The style and design of the sarcophagus found at the Herodium is extremely rare. Only a handful of others have been uncovered in Israel, all in elaborate tombs apparently belonging to prominent personalities, such as the King's Tomb on Salah a-Din Street in Jerusalem.

"It's a sarcophagus we don't just see anywhere," Netzer said. "It is something very special."

The sarcophagus and other structures at the Herodium were likely destroyed during the first Jewish revolt against the Roman Empire between A.D. 66 and 72.

The Jewish rebels despised Herod, calling him a puppet appointed by Judea's Roman rulers. The destruction was probably an expression of hatred or revenge, Netzer said. (See a historical overview of the time period.)

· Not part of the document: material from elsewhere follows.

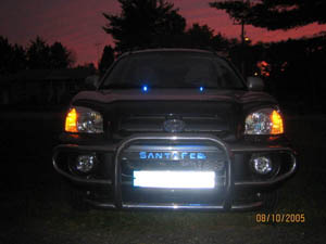 For those that acquired the Factory front brush guard part number 0830-26100 you can add a nice led effect to the Santa Fe lettering. This highlights it while driving. |
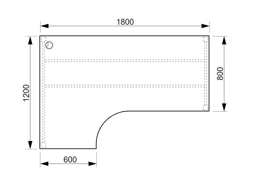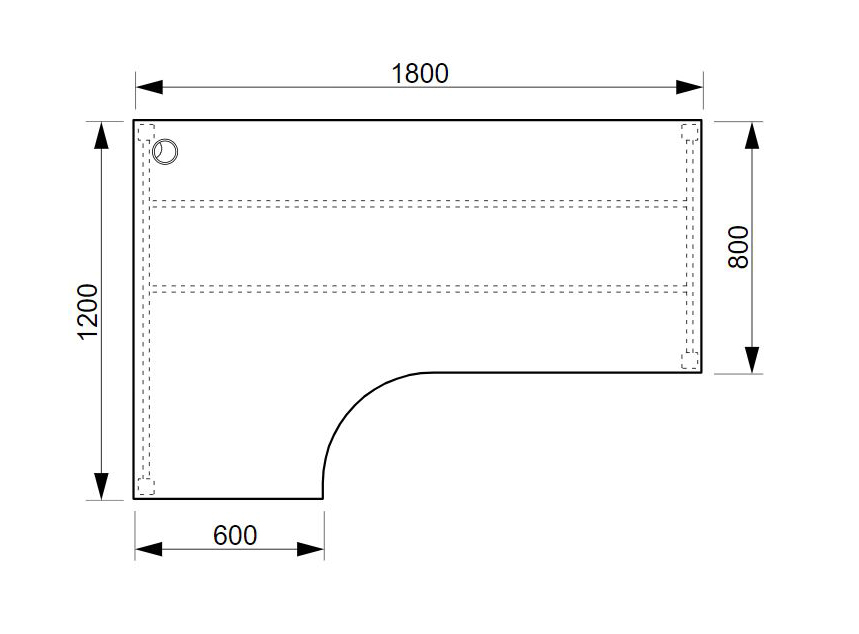 Kancelářský rohový stůl UNI A o rozměrech 755 x 1800 x 1200 mm. Pracovní deska je vybavena ABS hranou, která pomáhá chránit stoly před poškozením. Součástí stolů je praktická průchodka, která svede všechny kabely pod stůl, kde si s nimi poradí praktické držáky.

No human remains have been found in or near the tomb, and the skeleton of Herod himself will probably never be recovered, he added.

The scientists also uncovered several decorated ornamental urns similar to those made by Nabateans, an ancient Middle Eastern people absorbed by the Roman Empire.

A Find Long Overdue

Netzer has been excavating at the Herodium since 1972. The new discovery only came, however, after he and his colleagues Yaakov Kalman and Roi Porath, with the assistance of local Bedouins, began excavations higher up on the mountain slope in 2006.

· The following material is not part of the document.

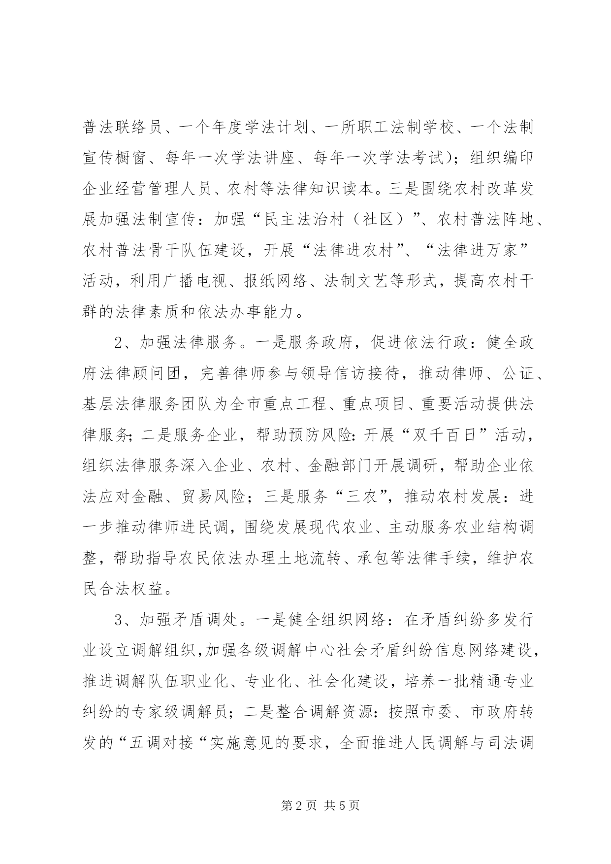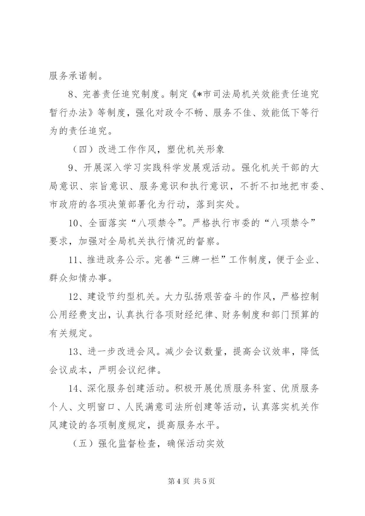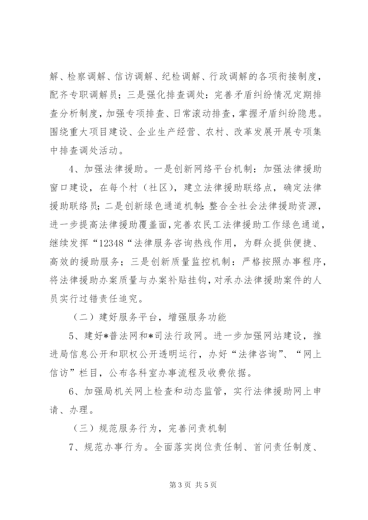 第PAGE\*Arabic\*MERGEFORMAT5页共NUMPAGES\*MERGEFORMAT5页司法局服务年活动的实施意见为进一步强化机关作风建设,提升机关服务效能,优化经济发展软环境,以新作为、新成效和新形象,为全市经济社会及司法行政事业又好又快发展提供保障。根据市委、市政府《关于开展创新服务行动年活动的实施意见》(坛委发〔2009〕8号)文件精神,现就全市司法行政系统开展“创新服务行动年”活动提出如下意见:一、工作目标以服务企业、服务项目、服务基层、服务群众为重点,把送服务送政策、创新服务品牌贯穿工作始终,突出重点,全面推动,严格责任,强化监督,努力打造简便、快捷、高效、透明的经济发展软环境。二、工作内容(一)创新服务举措,拓展活动内涵1、加强法制宣传教育。一是围绕促进经济社会健康较快发展加强法制宣传:大力宣传金融危机知识、政府政策措施和宏观调控、资源环境、土地经营权流转、知识产权保护等方面的法律法规;大力宣传社会管理、打击犯罪、依法维权等方面的法律法规;大力宣传劳动就业、社会保障、食品药品安全等方面的法律法规。二是围绕促进企业发展壮大加强法制宣传:深化“法律进企业”活动,落实企业法制宣传教育“六个一”项目建设(一名普法联络员、一个年度学法计划、一所职工法制学校、一个法制宣传橱窗、每年一次学法讲座、每年一次学法考试);组织编印企业经营管理人员、农村等法律知识读本。三是围绕农村改革发展加强法制宣传:加强“民主法治村(社区)”、农村普法阵地、农村普法骨干队伍建设,开展“法律进农村”、“法律进万家”活动,利用广播电视、报纸网络、法制文艺等形式,提高农村干群的法律素质和依法办事能力。2、加强法律服务。一是服务政府,促进依法行政:健全政府法律顾问团,完善律师参与领导信访接待,推动律师、公证、基层法律服务团队为全市重点工程、重点项目、重要活动提供法律服务;二是服务企业,帮助预防风险:开展“双千百日”活动,组织法律服务深入企业、农村、金融部门开展调研,帮助企业依法应对金融、贸易风险;三是服务“三农”,推动农村发展:进一步推动律师进民调,围绕发展现代农业、主动服务农业结构调整,帮助指导农民依法办理土地流转、承包等法律手续,维护农民合法权益。3、加强矛盾调处。一是健全组织网络:在矛盾纠纷多发行业设立调解组织,加强各级调解中心社会矛盾纠纷信息网络建设,推进调解队伍职业化、专业化、社会化建设,培养一批精通专业纠纷的专家级调解员;二是整合调解资源:按照市委、市政府转发的“五调对接“实施意见的要求,全面推进人民调解与司法调解、检察调解、信访调解、纪检调解、行政调解的各项衔接制度,配齐专职调解员;三是强化排查调处:完善矛盾纠纷情况定期排查分析制度,加强专项排查、日常滚动排查,掌握矛盾纠纷隐患。围绕重大项目建设、企业生产经营、农村、改革发展开展专项集中排查调处活动。4、加强法律援助。一是创新网络平台机制:加强法律援助窗口建设,在每个村(社区),建立法律援助联络点,确定法律援助联络员;二是创新绿色通道机制:整合全社会法律援助资源,进一步提高法律援助覆盖面,完善农民工法律援助工作绿色通道,继续发挥“12348“法律服务咨询热线作用,为群众提供便捷、高效的援助服务;三是创新质量监控机制:严格按照办事程序,将法律援助办案质量与办案补贴挂钩,对承办法律援助案件的人员实行过错责任追究。(二)建好服务平台,增强服务功能5、建好*普法网和*司法行政网。进一步加强网站建设,推进局信息公开和职权公开透明运行,办好“法律咨询”、“网上信访”栏目,公布各科室办事流程及收费依据。6、加强局机关网上检查和动态监管,实行法律援助网上申请、办理。(三)规范服务行为,完善问责机制7、规范办事行为。全面落实岗位责任制、首问责任制度、服务承诺制。8、完善责任追究制度。制定《*市司法局机关效能责任追究暂行办法》等制度,强化对政令不畅、服务不佳、效能低下等行为的责任追究。(四)改进工作作风,塑优机关形象9、开展深入学习实践科学发展观活动。强化机关干部的大局意识、宗旨意识、服务意识和执行意识,不折不扣地把市委、市政府的各项决策部署化为行动,落到实处。10、全面落实“八项禁令”。严格执行市委的“八项禁令”要求,加强对全局机关执行情况的督察。11、推进政务公示。完善“三牌一栏”工作制度,便于企业、群众知情办事。12、建设节约型机关。大力弘扬艰苦奋斗的作风,严格控制公用经费支出,认真执行各项财经纪律、财务制度和部门预算的有关规定。13、进一步改进会风。减少会议数量,提高会议效率,降低会议成本,严明会议纪律。14、深化服务创建活动。积极开展优质服务科室、优质服务个人、文明窗口、人民满意司法所创建等活动,认真落实机关作风建设的各项制度规定,提高服务水平。(五)强化监督检查

The tomb was difficult to find because the site's mausoleum was mostly dismantled in ancient times and its only remnants are a large stage built of white-dressed stone, which is unique to the Herodium.

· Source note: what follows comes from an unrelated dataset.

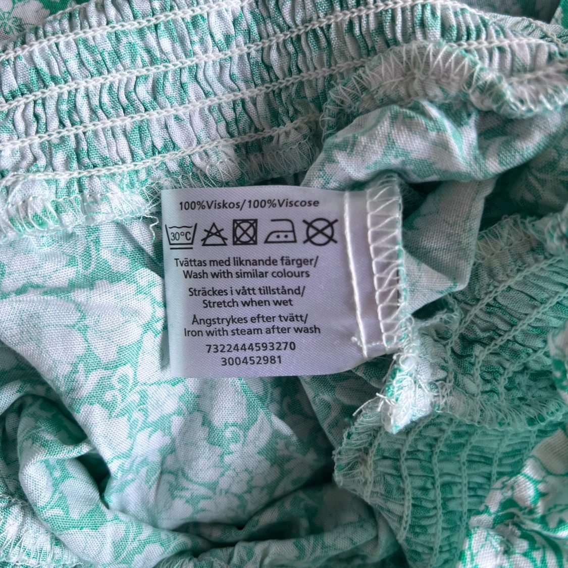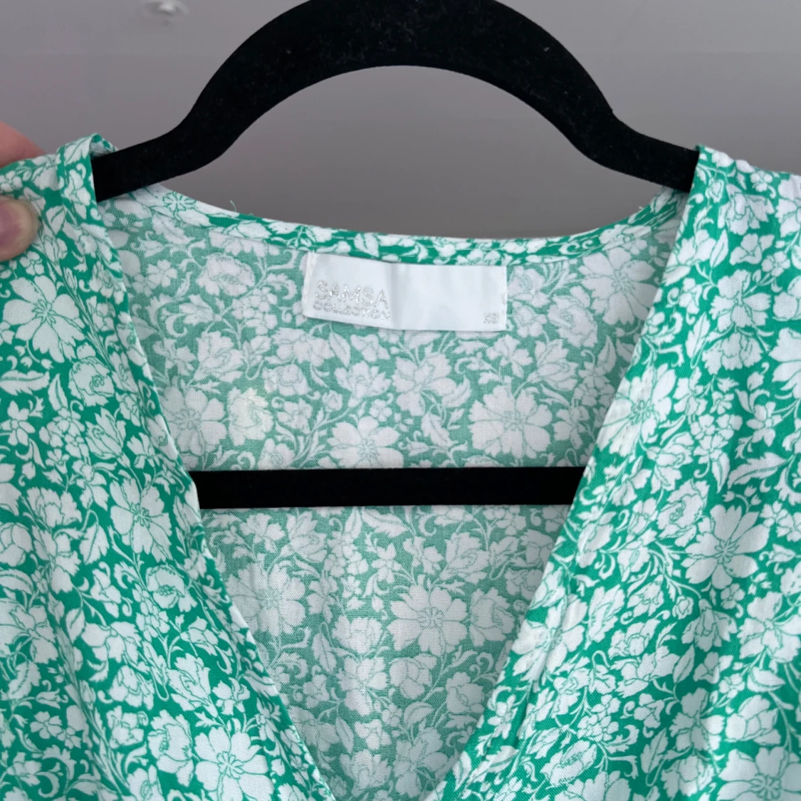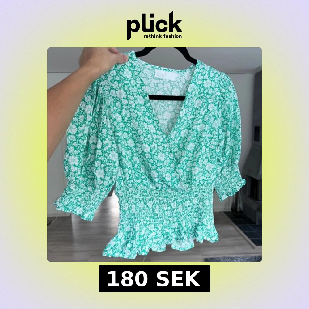 Supersöt blommig blus i mintgrönt och vitt. Omlottmodell med v-ringning, puffiga trekvartsärmar och smockad midja som ger en snygg siluett. Volangdetaljer vid ärmslut och nederkant för extra vibe. Perfekt för vår och sommar! 💚 Önskar du veta exakta mått? Tveka inte att höra av dig!
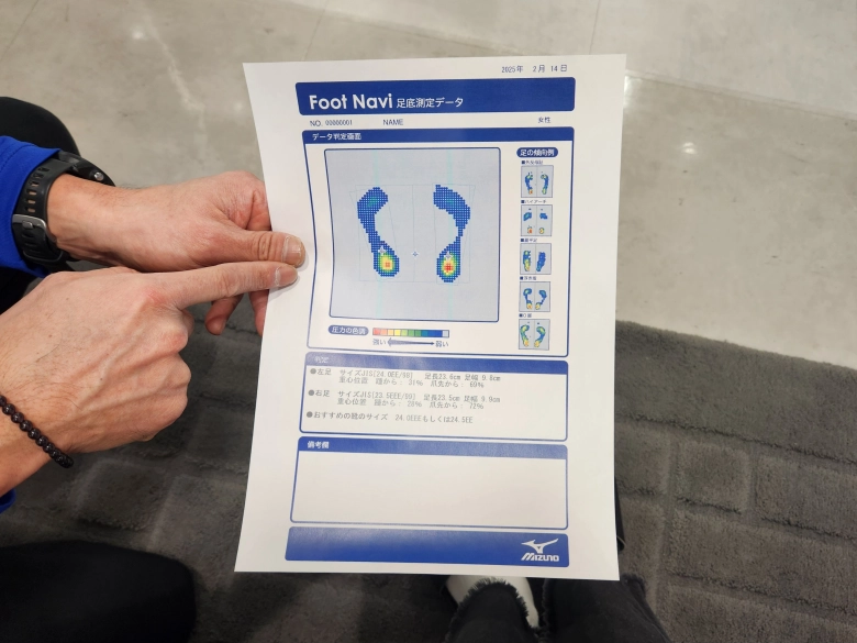 そして本日の目的は専門のスタッフさんに直接アドバイスをしてもらうこと。こちらではFoot Naviというサービスがあり、正確なサイズから足の傾向、オススメのシューズサイズまでをデータで出してくれるんです。専用の測定器に乗ってすぐに結果が出るので気軽に計測ができますよ!

Though Herod originally intended to be buried at the foot of the hill, he later decided on a higher site. A monumental staircase leading to the hillside was constructed for his funeral procession.

The Tomb Estate found at the Herodium, located at the base of the hill, includes two massive buildings and a large Jewish ritual bath as well as a long, narrow parade ground, also likely used during Herod's funeral procession.

At the conclusion of the first Jewish revolt in A.D. 70, the rebels handed the site back to the Romans. Jewish fighters also briefly used the site during the Bar Kokhva revolt 50 years later. The fighters built a network of tunnels, which served their efforts in guerrilla warfare against the Romans.

Researchers have started planning additional work at the site, which is now administered by Israel's Nature and National Parks Protection Authority.

"We need to find more artifacts in order to fill in the pieces of the puzzle," Netzer said.